I believe Data Domain is the only other vendor doing inline processing. What's very interesting about that is the results from early beta tests support the claim that we make that post processing is slow when you have a large repository of data to deal with. A large repository, especially when it’s hash-based, cause the knowledge base, the index and catalog to be incredibly active. When I say large, I mean anything the size of 20, 30 or 40TB.
If you are using disk as your endpoint instead of tape, is it better to choose a system that does post processing or inline processing, or does it make a difference?
The decision point is going to be based on the magnitude of the workload. If you only have a small workload and you are only backing up 1TB a night, then there are many different offerings that might suffice. There are other attributes that have to do with scalability, flexibility in configuration and expansion. When you are looking at large quantities of data, then you really need to be concerned about the configurations necessary to support the payload when it gets to 10 to 20TB a night. If you are dealing with those large payloads you are likely to find yourself buying more hardware to support a post-processing deployment.
If my goal is to send data off to tape from its staging area on disk, do I need to un-de-duplicate that data before sending it off to tape?

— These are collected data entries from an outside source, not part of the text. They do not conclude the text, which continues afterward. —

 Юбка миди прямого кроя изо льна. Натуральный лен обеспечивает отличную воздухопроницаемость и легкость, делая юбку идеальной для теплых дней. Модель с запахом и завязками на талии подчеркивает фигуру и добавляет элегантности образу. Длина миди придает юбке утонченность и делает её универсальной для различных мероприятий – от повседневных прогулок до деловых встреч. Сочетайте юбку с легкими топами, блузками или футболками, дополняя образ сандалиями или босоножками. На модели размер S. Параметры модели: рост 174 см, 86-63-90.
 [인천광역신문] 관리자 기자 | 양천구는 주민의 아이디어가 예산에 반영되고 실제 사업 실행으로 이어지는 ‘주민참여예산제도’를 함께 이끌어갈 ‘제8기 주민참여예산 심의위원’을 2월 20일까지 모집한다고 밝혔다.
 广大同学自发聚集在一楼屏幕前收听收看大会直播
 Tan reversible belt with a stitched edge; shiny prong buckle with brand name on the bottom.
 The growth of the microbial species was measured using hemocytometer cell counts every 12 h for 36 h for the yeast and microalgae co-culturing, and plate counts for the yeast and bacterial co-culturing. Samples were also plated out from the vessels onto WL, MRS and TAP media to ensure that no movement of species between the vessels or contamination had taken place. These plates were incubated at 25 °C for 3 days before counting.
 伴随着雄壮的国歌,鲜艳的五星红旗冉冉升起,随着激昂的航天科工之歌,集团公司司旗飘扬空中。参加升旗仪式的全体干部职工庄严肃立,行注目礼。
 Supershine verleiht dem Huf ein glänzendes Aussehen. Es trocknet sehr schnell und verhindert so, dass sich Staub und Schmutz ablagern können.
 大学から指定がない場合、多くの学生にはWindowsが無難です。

Yes, you should because the benefit of putting it on tape is likely to send it off-site and your use profile dictates in all probability that you need native access to that data, meaning that NetBackup, TSM or Legato can use those tapes directly. If you de-dupe the data and then put it on tape, it’s a privately owned proprietary format on the tape that needs to be un-de-duplicated in order for the data to be of use to any application.
It seems that there would be opportunities for deduplication in areas other than in virtual tape libraries?
Deduplication works with any target. Diligent will be introducing file system deduplication with a Network File System interface and leveraging our deduplication engine to the network-attached storage topology. We are also developing an image interface in support of NetBackup. The technology is not bound by a VTL.